Survivor is ‘dismayed’ at commission’s excuse

By Maurice Garvey

Covid-19 is attributed as a key factor in the latest delay for the Commission of Investigation into Mother and Baby Homes final report, but survivors are not buying it.

The final report due on June 26 has been pushed back to October 30.


David Kinsella and Terri Harrison

Minister for Children and Youth Affairs, Katherine Zappone, said the Commission has been “hampered in completing their report” by the end of this month due to Covid-19.

Clondalkin resident David Kinsella, who was born at St Patrick’s Mother and Baby home, is “dismayed” at the “Commission’s excuse”.

“It seems ironic that in Belfast, the government there during the height of Covid-19 were able to give a fast track redress for survivors and rightly so as they have been waiting as long as survivors of Mother and Baby homes in the south of Ireland,” said Mr Kinsella.

“The commission works in a building that has plenty of conference type rooms, well equipped to adhere to safety guidelines. It is like a life sentence for survivors and I am disgusted that not one of the incoming  government blinked an eye regarding our ploy for justice.”
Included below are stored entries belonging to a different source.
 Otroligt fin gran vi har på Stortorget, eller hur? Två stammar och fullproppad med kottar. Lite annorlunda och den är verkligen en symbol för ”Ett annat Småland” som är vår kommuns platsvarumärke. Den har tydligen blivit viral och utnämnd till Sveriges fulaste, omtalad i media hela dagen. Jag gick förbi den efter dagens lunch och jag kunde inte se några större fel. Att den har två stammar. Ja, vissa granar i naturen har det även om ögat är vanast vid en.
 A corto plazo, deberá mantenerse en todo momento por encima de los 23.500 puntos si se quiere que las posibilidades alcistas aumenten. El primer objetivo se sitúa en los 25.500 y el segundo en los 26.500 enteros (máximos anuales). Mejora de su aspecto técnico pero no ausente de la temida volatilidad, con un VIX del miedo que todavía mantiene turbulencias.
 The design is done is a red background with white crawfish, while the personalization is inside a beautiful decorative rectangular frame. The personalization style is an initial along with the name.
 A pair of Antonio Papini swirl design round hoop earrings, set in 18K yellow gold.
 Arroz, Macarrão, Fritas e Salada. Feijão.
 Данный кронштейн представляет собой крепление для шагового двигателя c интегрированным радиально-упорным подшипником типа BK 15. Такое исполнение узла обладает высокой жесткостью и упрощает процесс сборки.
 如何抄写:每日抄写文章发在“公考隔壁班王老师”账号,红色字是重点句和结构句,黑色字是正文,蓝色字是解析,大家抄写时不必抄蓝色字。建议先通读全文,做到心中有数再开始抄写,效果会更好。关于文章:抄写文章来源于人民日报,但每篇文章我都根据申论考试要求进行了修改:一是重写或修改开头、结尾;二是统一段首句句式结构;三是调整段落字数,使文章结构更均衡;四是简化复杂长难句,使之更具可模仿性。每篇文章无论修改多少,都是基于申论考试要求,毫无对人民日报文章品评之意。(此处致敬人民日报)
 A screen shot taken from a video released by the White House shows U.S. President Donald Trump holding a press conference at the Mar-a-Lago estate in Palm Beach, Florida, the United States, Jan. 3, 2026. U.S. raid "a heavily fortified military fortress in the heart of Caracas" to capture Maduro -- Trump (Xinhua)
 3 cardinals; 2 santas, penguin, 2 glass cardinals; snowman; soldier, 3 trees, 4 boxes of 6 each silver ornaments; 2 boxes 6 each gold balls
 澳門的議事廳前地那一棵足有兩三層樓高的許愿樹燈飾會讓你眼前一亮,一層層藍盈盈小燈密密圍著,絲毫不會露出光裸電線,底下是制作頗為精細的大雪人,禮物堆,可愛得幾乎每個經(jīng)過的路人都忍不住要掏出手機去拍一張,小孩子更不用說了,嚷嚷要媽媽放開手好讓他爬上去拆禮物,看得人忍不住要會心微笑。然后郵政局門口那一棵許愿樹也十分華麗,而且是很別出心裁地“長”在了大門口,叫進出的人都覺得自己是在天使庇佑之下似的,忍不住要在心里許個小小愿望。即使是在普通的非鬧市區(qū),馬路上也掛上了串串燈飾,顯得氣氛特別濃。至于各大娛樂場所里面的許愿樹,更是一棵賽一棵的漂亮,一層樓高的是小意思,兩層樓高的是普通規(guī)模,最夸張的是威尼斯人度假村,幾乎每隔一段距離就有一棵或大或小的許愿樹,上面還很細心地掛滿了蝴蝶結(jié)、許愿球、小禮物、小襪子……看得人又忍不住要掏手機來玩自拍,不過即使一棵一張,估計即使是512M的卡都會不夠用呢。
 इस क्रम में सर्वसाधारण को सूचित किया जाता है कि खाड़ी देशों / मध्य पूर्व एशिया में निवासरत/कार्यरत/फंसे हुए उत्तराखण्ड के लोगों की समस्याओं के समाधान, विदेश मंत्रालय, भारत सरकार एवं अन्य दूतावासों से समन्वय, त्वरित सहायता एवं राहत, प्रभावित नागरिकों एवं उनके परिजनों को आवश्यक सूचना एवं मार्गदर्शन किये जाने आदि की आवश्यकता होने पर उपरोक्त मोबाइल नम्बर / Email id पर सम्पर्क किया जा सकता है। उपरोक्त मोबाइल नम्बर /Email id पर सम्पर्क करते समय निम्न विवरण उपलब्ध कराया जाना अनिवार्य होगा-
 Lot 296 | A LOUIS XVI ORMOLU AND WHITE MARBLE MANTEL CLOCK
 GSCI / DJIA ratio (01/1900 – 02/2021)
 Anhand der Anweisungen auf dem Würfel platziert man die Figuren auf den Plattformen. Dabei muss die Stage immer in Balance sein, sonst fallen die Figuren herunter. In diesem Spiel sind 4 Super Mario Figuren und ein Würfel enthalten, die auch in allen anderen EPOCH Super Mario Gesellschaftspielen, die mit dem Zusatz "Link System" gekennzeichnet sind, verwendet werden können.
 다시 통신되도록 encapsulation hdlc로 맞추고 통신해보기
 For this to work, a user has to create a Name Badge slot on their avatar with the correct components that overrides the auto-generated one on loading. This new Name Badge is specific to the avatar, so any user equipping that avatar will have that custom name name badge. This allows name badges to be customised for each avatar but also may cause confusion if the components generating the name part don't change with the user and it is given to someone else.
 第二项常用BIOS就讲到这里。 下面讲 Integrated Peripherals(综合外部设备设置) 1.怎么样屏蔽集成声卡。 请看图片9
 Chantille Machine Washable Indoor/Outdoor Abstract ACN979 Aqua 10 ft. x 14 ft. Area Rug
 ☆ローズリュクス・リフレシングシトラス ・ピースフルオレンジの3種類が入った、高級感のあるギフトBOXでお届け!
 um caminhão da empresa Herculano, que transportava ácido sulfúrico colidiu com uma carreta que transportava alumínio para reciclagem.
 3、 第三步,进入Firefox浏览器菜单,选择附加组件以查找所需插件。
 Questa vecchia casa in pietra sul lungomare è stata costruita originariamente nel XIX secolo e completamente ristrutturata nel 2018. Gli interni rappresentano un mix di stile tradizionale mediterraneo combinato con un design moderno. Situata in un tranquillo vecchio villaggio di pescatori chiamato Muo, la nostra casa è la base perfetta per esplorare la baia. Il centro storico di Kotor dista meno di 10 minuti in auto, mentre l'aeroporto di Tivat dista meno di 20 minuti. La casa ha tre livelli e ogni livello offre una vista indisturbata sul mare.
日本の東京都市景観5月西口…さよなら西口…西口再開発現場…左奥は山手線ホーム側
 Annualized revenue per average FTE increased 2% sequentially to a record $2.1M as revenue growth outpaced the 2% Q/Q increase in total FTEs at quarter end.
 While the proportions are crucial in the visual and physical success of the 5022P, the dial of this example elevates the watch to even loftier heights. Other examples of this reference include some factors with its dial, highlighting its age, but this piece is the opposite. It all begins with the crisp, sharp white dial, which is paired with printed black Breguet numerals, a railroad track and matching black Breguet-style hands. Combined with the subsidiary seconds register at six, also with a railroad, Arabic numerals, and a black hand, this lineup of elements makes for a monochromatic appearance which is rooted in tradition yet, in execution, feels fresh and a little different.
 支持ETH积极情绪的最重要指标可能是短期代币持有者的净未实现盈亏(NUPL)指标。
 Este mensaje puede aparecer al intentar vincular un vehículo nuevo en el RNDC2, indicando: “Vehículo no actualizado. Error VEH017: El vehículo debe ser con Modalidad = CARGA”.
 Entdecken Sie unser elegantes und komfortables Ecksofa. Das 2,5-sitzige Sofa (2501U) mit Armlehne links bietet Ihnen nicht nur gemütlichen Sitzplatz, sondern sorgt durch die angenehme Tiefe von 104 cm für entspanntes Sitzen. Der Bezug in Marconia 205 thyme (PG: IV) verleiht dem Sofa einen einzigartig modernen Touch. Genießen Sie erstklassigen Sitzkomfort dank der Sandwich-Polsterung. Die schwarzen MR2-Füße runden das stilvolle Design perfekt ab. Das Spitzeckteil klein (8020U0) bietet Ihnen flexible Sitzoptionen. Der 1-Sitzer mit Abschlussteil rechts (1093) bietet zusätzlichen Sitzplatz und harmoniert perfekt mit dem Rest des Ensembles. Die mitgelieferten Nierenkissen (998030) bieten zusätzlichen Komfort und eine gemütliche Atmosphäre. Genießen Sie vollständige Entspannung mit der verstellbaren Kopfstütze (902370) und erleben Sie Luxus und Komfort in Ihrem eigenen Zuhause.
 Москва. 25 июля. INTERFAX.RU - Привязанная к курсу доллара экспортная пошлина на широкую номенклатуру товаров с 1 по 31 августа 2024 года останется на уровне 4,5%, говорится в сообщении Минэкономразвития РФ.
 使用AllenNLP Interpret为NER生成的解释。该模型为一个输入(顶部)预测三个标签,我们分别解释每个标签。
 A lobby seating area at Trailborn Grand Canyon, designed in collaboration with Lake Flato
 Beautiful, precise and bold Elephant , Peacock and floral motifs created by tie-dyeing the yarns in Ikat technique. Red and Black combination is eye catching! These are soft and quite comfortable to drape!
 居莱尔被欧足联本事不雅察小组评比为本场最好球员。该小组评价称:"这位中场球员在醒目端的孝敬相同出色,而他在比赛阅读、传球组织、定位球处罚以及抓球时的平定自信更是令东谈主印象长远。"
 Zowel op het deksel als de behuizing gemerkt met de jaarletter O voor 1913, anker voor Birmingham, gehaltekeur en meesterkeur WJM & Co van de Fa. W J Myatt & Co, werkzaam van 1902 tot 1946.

Terri Harrison, a Director of the Christine Buckley Centre, asks the government with a “saddened heart - to explain why this report could not be published as scheduled for June 26.

Terri Harrison kid compressor

Terri’s son, baby Niall

“All their promises of changes in a new coalition, yet not a whisper of us forgotten Irish,” said Ms Harrison, a Parkwest resident, who gave birth in Bessborough Mother and Baby home in 1973, whereupon her firstborn son was taken from her hands.

“Some mothers are now in their mid-eighties. Waiting to make their peace to slip away knowing they did no wrong. Our leaders blame the delay on the virus but this report can be electronically published. Why are they abusing us all over again?”

Cllr Francis Timmons said the next government must deal with the issues that survivors have been fighting for.

“It is my belief that we need a state museum and state apology that says loud and clear that the woman did no wrong.”